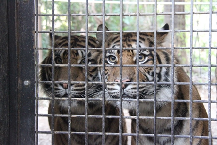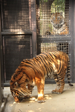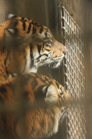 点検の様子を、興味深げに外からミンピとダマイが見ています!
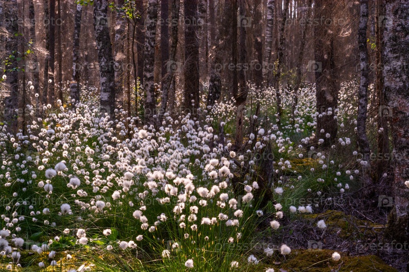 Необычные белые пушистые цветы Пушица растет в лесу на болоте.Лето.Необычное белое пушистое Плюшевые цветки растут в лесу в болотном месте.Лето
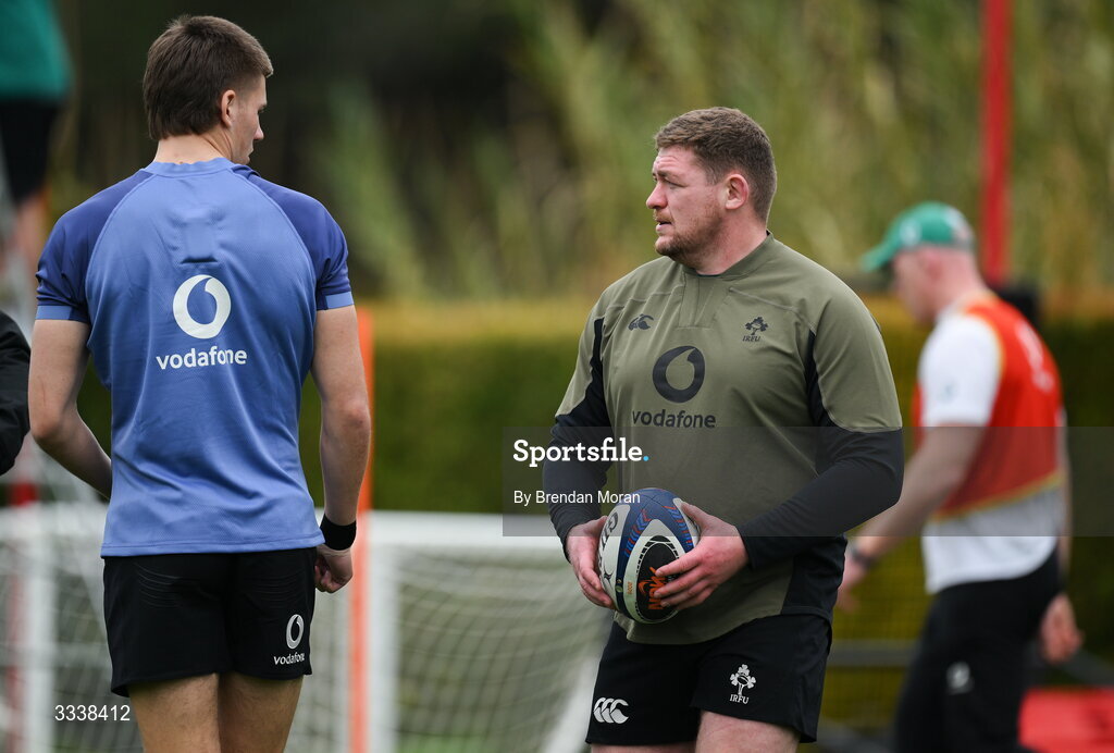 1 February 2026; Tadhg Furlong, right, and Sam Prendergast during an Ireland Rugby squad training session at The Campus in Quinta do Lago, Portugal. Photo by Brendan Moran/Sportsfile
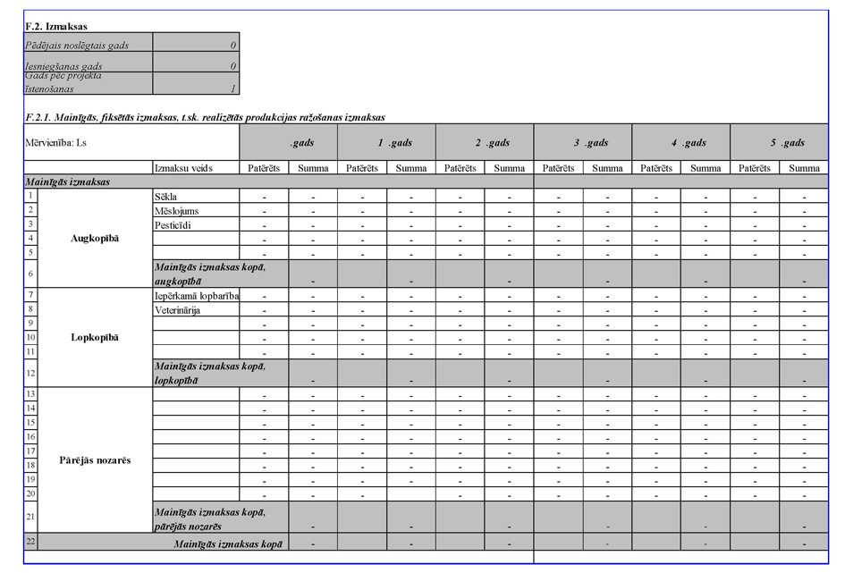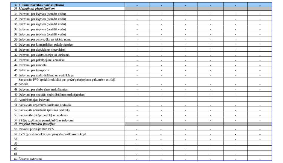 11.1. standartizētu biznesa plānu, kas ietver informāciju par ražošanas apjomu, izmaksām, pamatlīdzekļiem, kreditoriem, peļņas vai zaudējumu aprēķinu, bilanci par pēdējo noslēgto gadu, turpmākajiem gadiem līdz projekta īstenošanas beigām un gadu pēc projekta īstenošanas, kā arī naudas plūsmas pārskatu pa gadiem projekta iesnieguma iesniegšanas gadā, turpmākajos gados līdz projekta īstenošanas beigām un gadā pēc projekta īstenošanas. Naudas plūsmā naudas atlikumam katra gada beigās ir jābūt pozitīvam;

...

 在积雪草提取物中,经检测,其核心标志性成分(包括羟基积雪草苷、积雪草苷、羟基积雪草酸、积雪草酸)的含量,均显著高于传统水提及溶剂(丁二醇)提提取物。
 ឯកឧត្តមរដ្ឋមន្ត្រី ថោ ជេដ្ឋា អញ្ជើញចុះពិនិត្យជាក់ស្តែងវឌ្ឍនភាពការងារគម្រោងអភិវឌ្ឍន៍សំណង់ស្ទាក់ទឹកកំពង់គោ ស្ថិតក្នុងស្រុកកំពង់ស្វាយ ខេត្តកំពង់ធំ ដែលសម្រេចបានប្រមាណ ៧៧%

...

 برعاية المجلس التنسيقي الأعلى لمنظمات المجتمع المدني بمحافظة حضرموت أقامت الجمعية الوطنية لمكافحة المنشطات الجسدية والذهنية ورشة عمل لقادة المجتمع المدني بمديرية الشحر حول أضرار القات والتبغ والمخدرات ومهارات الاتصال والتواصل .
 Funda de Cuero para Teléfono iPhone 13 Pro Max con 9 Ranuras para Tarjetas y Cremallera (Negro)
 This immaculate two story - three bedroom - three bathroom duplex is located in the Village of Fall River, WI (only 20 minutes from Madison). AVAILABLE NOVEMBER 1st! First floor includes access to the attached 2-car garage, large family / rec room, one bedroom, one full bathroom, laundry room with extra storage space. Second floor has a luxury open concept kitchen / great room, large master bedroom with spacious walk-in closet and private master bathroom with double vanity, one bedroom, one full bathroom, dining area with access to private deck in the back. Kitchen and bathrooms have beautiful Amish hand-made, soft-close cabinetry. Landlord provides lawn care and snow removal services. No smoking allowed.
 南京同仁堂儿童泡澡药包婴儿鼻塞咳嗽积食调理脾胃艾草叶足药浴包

[DESCRIPTION OF THE TASK]
Above, find the line holding "点検の様子を、興味深げに外からミンピとダマイが見ています!" and the line holding "1 February 2026;". Print exactly those two lines and every line between them, but no pictures.

[FINAL ANSWER]
 点検の様子を、興味深げに外からミンピとダマイが見ています!
 Необычные белые пушистые цветы Пушица растет в лесу на болоте.Лето.Необычное белое пушистое Плюшевые цветки растут в лесу в болотном месте.Лето
 1 February 2026; Tadhg Furlong, right, and Sam Prendergast during an Ireland Rugby squad training session at The Campus in Quinta do Lago, Portugal. Photo by Brendan Moran/Sportsfile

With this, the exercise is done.